Man begleitet den Vater der Anfangs­szene – Puiu spielt diese Haupt­rolle selbst – nun zunächst durch sein Leben in der im aufre­genden, viel­schich­tigen Panorama gezeich­neten Metropole Bukarest: Arbeits­lo­sig­keit, Einkauf im Billig­su­per­markt. Kaum ein Wort wird gespro­chen. Ein Mensch, den man nicht mag. Man erkennt seinen Menschen­hass. Man denkt an Camus' »Der Fremde«, sieht, wie er übt, um sich zu erschießen. Einer der inten­sivsten, besten Momente dieser ersten Film­hälfte ist der Besuch der Haupt­figur in einer Nobel­bou­tique. Er fragt nach einer Frau, die dort gear­beitet hat, wird immer zudring­li­cher, beleidigt die Ange­stellten, und jeden Moment glaubt man, um seine Gewalt­phan­ta­sien wissend, die Spannung werde gleich explo­dieren und in ein Blutbad münden. Doch nichts derglei­chen passiert. Zunächst bleibt es bei einem Menschen unter Druck, der in Verhalten wie Motiven bis zum Ende unver­s­tänd­lich, ja völlig ungreifbar bleibt. Irgend­wann dann beginnt der Mann damit, aus völlig uner­find­li­chen Gründen Menschen zu erschießen, mit denen er kaum etwas zu tun hat. So scheint es zumindest.

Die Kamera zeigt das alles neutral und distan­ziert, manchmal aus Neben­räumen, der Zuschauer ist gezwungen sich in aller Ruhe mit der Figur ausein­an­der­zu­setzen. Im Unter­schied etwa zu Corneliu Porum­boius Police, Adjective ist ein gewisser Sadismus des Regis­seurs dabei unüber­sehbar, wenn er sein Publikum in die ästhe­ti­sche Klipp­schule schickt und dort nach­sitzen lässt.

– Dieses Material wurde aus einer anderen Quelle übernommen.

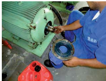
MANUTENÇÃO preventiva nas bombas da Estação de Tratamento de Água (ETA)
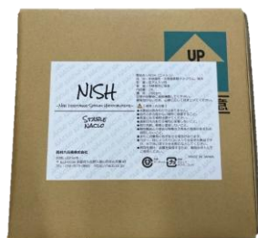
NISH 除菌消臭スプレー詰め替えBOX 5L・20L BOXの2種
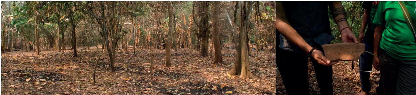
El Cerrito - Fotos: Marton Hardy / WCS
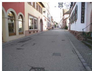
Weg vom Parkplatz zur Vinothek
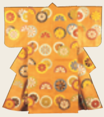
茶地青海波源氏車模様厚板 江戸時代(18世紀) 国立能楽堂

国立能楽堂の所蔵する能装束、能面、狂言装束、狂言面のほか絵画文献等資料を一挙公開。ふだん近づいて見ることのできない華麗な装束や、神秘的な面をじっくり鑑賞できる貴重な機会です。室町時代以来600年の伝統を誇る日本の美意識を感じてください。
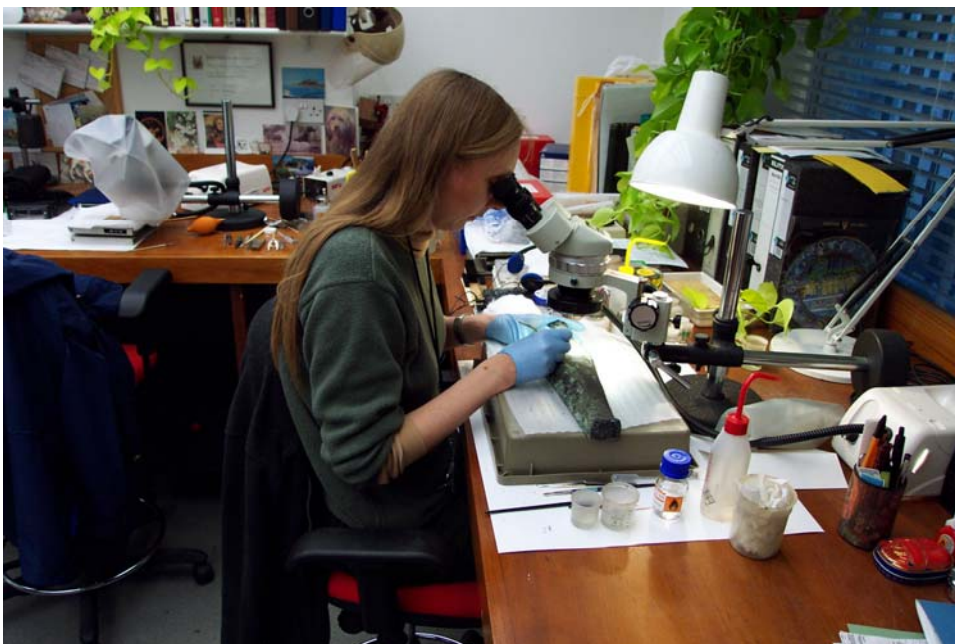
Foto 6. Die konservering van kultuurvoorwerpe en materiale word met behulp van gespesialiseerde toerusting en chemikalieë in toegeruste laboratoriums gedoen.
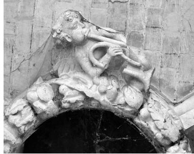
Ange jouant de la trompette.

IVR22_19940201008X
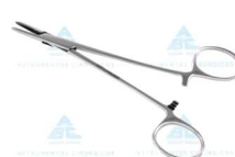
Porta Agulha Mayo Heger - ABC • AÇO INOXIDÁVEL AISI-420 • TAMANHO: 14CM • 10 ANOS CONTRA DEFEITOS DE FABRICAÇÃO
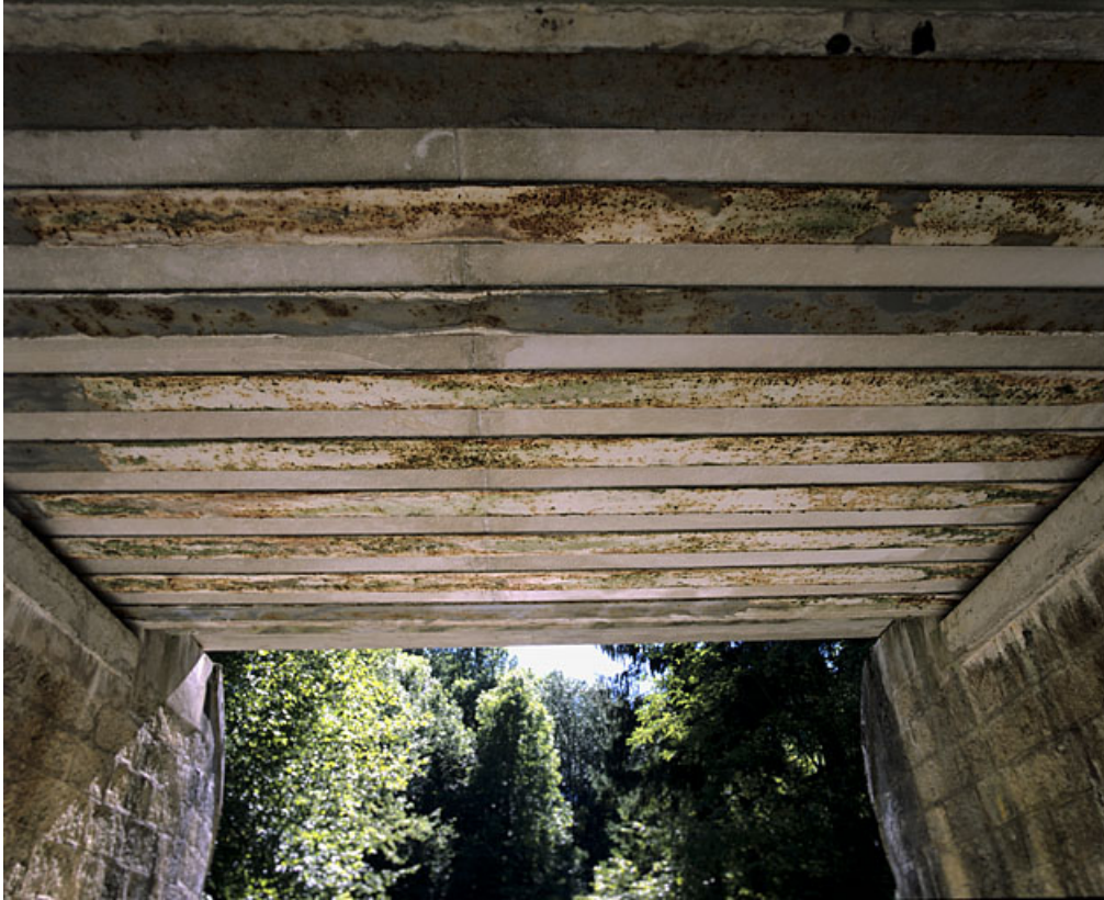
Pont : poutrelles en face inférieure du tablier.

01, Arbent rue du Point B, lieudit : la Queue du Lac
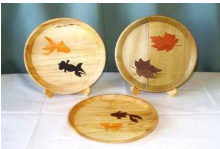
木象嵌木皿「金魚」、「木の葉」 直径21cm
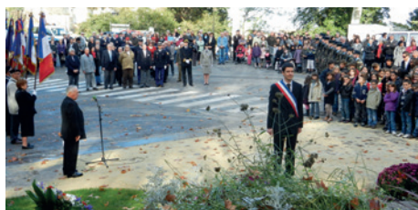
Le devoir de mémoire
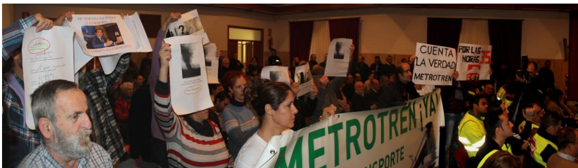
Miembros de la plataforma exhibiendo carteles de denuncia del PP por su traición al Pacto por una Aire Limpio , durante el Pleno (Foto: J. Padilla, 19 de enero de 2016)

El Pleno, como reflejó ampliamente la prensa cordobesa, fue bronco y tenso por diversos motivos, pues en su celebración se mezclaron temas tan diversos como el acuerdo de constitución de la Mesa sobre la cementera, reivindicaciones de la Plataforma del Metrotrén y de aficionados a los toros que temían la aprobación de una moción anti-taurina; aunque, sin duda, la tensión más grave fue creada por los trabajadores, amigos y familiares de la fábrica de cemento, dentro y fuera del Pleno.
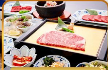
บียง่างร้านดัง ROKKASEN

Es ist fraglos kein Versäumnis, sondern bewusst gewählte Methode, dass Aurora den Zuschauer völlig allein und verloren lässt, mit Infor­ma­tionen über Ort, Figuren und Geschichte überaus geizig umgeht. Der Film bleibt in der Schwebe, scheint ästhe­tisch wie gedank­lich nie ganz auf den Punkt zu kommen. Er entschließt sich trotz komischer Momente nie zur Komödie, aber auch nicht dazu, die Bruta­lität wirklich brutal zu zeigen. Man kann sich viel denken, muss das aber auch, denn der Film hilft einem nicht dabei, belohnt die Geduld des Zuschauers nie. Daher ist der Eindruck zwie­spältig: So genau Aurora insze­niert ist, so stark die anfäng­liche Irri­ta­tion wirkt, so sehr ist ihm auch ein gewisses Raunen eigen. Etwas zu offensiv trägt der Film seine Bedeut­sam­keit vor sich her. Natürlich inspi­riert das alles zu Refle­xionen über »Gewalt in der Gesell­schaft«, über »Post­kom­mu­nismus«, das Wirken der »Secu­ri­tate« in Rumänien und das grund­sätz­lich »Kafkaeske« der Verhält­nisse in Osteuropa. Und wo im Kino laut geschwiegen wird, liegt immer die These nahe, hier werde besonders eindring­lich »Kommu­ni­ka­ti­ons­lo­sig­keit« zum Thema gemacht

Denkt man derartige Inter­pre­ta­ti­ons­schneisen in Aurora hinein, macht alles auch unbedingt Sinn, ist dies ein wichtiger Film, und der Betrachter hat gute Gründe, demütig erst einmal in sich zu gehen, und weiter nach­zu­denken. Aber diese Begriffe stehen auch alle für Klischees unserer Wahr­neh­mung. »Gewalt in der Gesell­schaft« und »Kommu­ni­ka­ti­ons­lo­sig­keit«, das kann alles sein und auch sein Gegenteil. Und wer weiß schon wirklich, was »Post­kom­mu­nismus« bedeutet, was »Secu­ri­tate«? Zunächst einmal bedient dies sämtlich unsere Vorstel­lung des »Anderen«, Nicht-West­li­chen, Unsi­cheren, Gefähr­lich-Bösen. Osteuropa halt.

Völlig befrie­digen kann das Vorgehen des Filme­ma­chers nicht. Gewiss: Aurora ist eine beklem­mende Studie über einen patho­lo­gi­schen Einzel­gänger, und den bösen Wolf in uns allen. Es ist auch eine Studie im filmi­schen Sehen, die sich der Stra­te­gien eines gewissen Strangs des klas­si­schen Moder­nismus bedient – Lakonie, Ruhe, Statik. Aber Puiu verfällt einem Feti­schismus der Mittel. Und er drückt sich um das notwen­dige Minimum an Posi­tio­nie­rung, indem er eine Projek­ti­ons­fläche entwirft, die derart offen und beliebig ist, das der Betrachter am Ende nicht mehr irritiert wird, sondern jeweils genau das finden wird, was er zuvor schon immer über Rumänien, das Kino und den Menschen gedacht hat.